### Supplied data

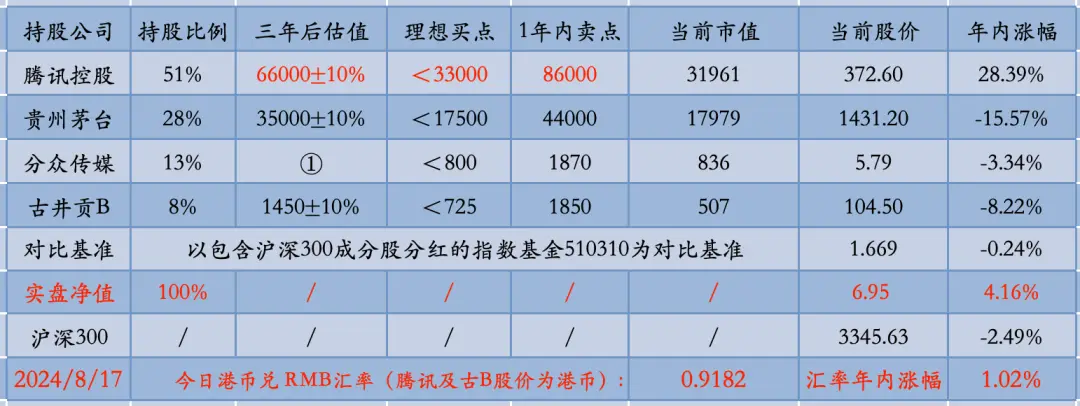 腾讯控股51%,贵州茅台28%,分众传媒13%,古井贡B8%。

######
### Supplied data

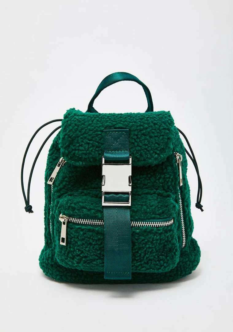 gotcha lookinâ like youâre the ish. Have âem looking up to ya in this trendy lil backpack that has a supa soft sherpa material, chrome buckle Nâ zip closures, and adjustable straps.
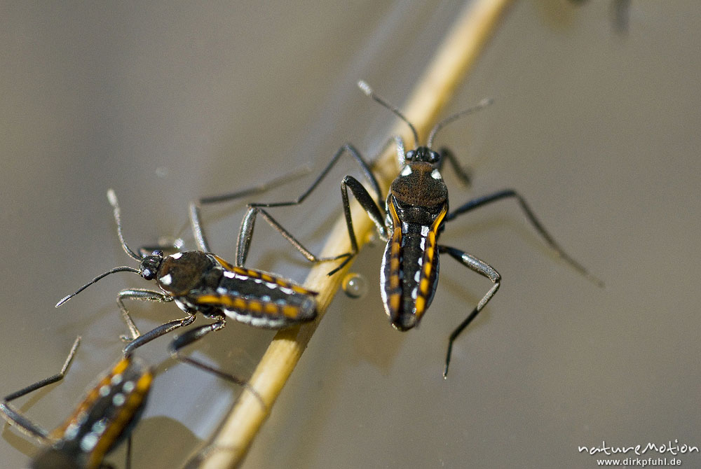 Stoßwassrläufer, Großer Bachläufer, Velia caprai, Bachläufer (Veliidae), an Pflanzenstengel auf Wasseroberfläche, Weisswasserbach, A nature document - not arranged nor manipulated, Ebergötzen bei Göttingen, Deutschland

######

▶ **Task statement**: Reproduce the lines above starting at the one with "gotcha lookinâ like" and ending at the one with "Stoßwassrläufer, Großer Bachläufer, Velia", both included, exactly and with no pictures.

▶ **Answer below**:
 gotcha lookinâ like youâre the ish. Have âem looking up to ya in this trendy lil backpack that has a supa soft sherpa material, chrome buckle Nâ zip closures, and adjustable straps.
 Stoßwassrläufer, Großer Bachläufer, Velia caprai, Bachläufer (Veliidae), an Pflanzenstengel auf Wasseroberfläche, Weisswasserbach, A nature document - not arranged nor manipulated, Ebergötzen bei Göttingen, Deutschland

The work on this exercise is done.